Fossil Find Shows Humans Living In The Arctic Thousands Of Years Earlier Than Was Thought
Fossil evidence of humans hunting mammoths in the Eurasian Arctic puts early humans in the region tens of thousands of years earlier than had previously been believed, researchers say.
A frozen mammoth carcass in Siberia showing cuts and scrapes form human hunting weapons has been dated to about 45,000 years ago, 10,000 years earlier than humans were thought to have reached that far north, they say.
"The mammoth is almost 72 degrees North," says Vladimir Pitulko, an archaeologist at the Institute for the History of Material Culture (IHMC) of the Russian Academy of Sciences in St. Petersburg.
The Arctic Circle, at the top of Canada and Russia, begins at 66.32 degrees North latitude.

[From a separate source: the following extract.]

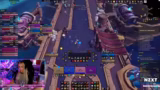 00:40:32Das Gameplay im Eko-Dome beginnt. Die Streamerin versucht, einen Boss durch einen Spell-Reflect zu kontrollieren, was aber fehlschlägt und zu einem Frontal-Schaden führt. Während des laufenden Dungeons verliert ein Gruppenmitglied, Akro, das Leben, was zu Diskussionen über die Fehlerursache führt. Die Stimmung wird angespannt, die Streamerin ist überfordert und kann nicht blocken, was die Situation zusätzlich erschwert.

That puts the new find more than a thousand miles further north than previously known old human habitation sites south of the Arctic Circle, says Pitulko, a co-author of a study appearing in the journal Science.
The frozen mammoth, excavated from permafrost in the central Siberian Arctic, showed marks and slices on a number of its bones resembling those seen on mammoth bones from a much younger archaeological site in Siberia where humans were known to hunt mammoths, the researchers say.
Dents in rib bones were likely made by spears, they note, while damage to one of the animal's tusks suggests the human hunters were attempting to chop part of it away.
Experts say the age of the finding, confirmed by radiocarbon dating of several bones of the carcass, suggest early humans learned how to cope and survive in the extreme cold of the Arctic much earlier than was previously considered.
That they did so is "a mighty, impressive achievement," says paleontologist Robin Dennell of the University of Sheffield in England, who wasn't involved in the recent work.
"What we don't know is whether this was a successful long-term adaptation or a short-lived heroic failure," he suggests.
The findings may also lend support to the possibility that early humans made their way out of Africa earlier than previously thought, other experts say.
"To penetrate beyond 70 degrees North as early as this evidence is suggesting, our tropics-born ancestors — assuming these Arctic pioneers belonged to our own species Homo sapiens — had to probably start their out-of Africa-and-into-Eurasia odyssey much earlier than 50 or 60 thousand years ago," says Paleolithic archaeologist Leonid Vishnyatsky, an IHMC colleague of Pitulko who was not directly involved in the study.
Eventually, arriving so far north would have involved learning to survive in many varied kinds of environments, he says.
"[A]nd that doesn't happen overnight," he says.